Nous sommes revenus en des sites visités auparavant, qui ont pris un nouveau visage : après être passés en trombe et sans une halte le long de la cité templière de Ste Eulalie de Cernon, on a salué le viaduc féérique au point de vue de Brunas, on a pénétré sous la roche chaulée de Peyre en la chapelle troglodyte dépouillée de toute exposition temporaire, fin de saison touristique oblige, on revoit la ferme classieuse des Brouzes encastrée dans ses murailles de pierre froide à ras des pastis maigrichons. On revisitera Millau  ville bien morte en ce dimanche de fin septembre, après l’avoir survolée depuis les hauteurs caussenardes ou l’aire remarquable du Viaduc. Et le site de la charmante églisette de Bocuéjouls remplaça du programme de 2013 l’église Millavoise de ND de l’Espinasse.
 
On ne peut pas tout faire, ou tout refaire. On laissera de côté Pierrefiche, Montredon, l’église et le Dolmen de St Martin du Larzac, tout proches pourtant du site des Baumes que l’on revoit avec plaisir. Des travaux tout récents ont consolidé la muraille sous la falaise, le tourneur de bois officie toujours en ce lieu dolomitique singulier.

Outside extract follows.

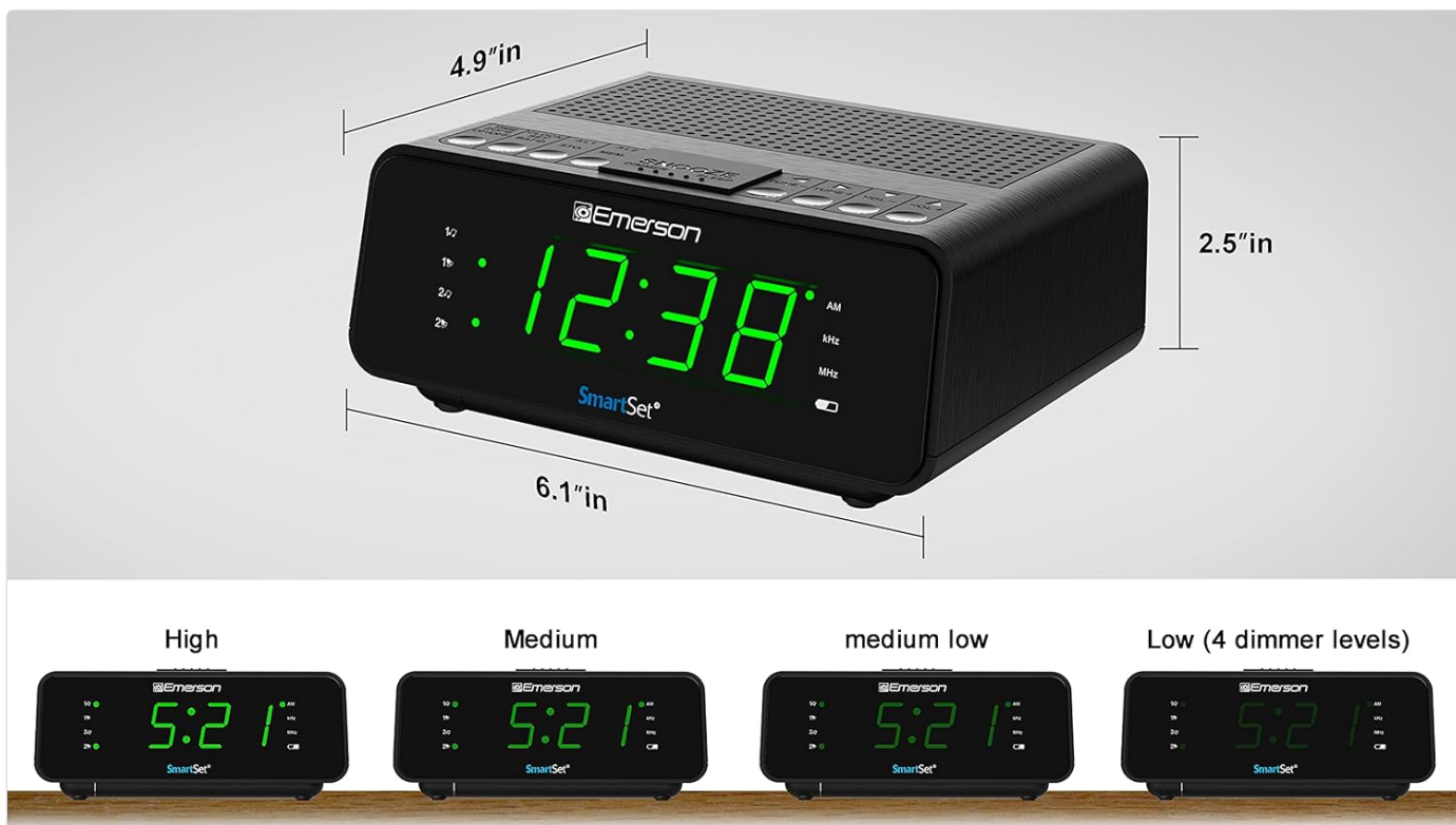
Figure 4: Illustration of the four dimmer levels available for the LED display, from High to Low.

To adjust the brightness of the LED display:

Le Larzac n’est pas l’entité lunaire et vouée au pacage des troupeaux de brebis dans une lande pauvre sous le ciel : nous finirons la boucle par les pinèdes bleutées aux innombrables troncs rouges – l’armée s’est fait un plaisir de s’approprier quelques paquets d’hectares pour ses manœuvres pas agricoles pour un sou -  et par la partie parmi les plus verdoyantes et boisées du causse larzacien, j’ai nommé l’ubac de l’Hospitalet, où l’on voit des hêtres et des châtaigniers comme si l’on était au fin fond d’une serre cévenole gardoise derrière l’Aigoual.
 
Josette qui ne peut encore serrer un guidon à cause d’une mauvaise chute en juin dernier nous servira à notre arrivée mieux que le café du matin : des biscuits, du gâteau fait main, des boissons, pour tous les goûts.  Halte debout sur la placette aux cygnes, cordiale, qui scelle la continuité de notre groupe informel au fil des ans. Il ne fallait pas compter sur le café du village qui a mis la clé sous la porte faute de volonté de reprise (mais au fait, après tout, le restaurant à la sortie du Caylar a bien refait peau neuve après des années d’abandon, j’ai vu ça aussi ce matin : rien n’est définitivement perdu !).
A la revoyure pour le temps des châtaignes, même si ça se passera a priori entre les vignes du terroir Biterrois : la bicyclette ainsi entendue doit poursuivre sa route !
 
Victor, vétéran senior pas encore jubilado.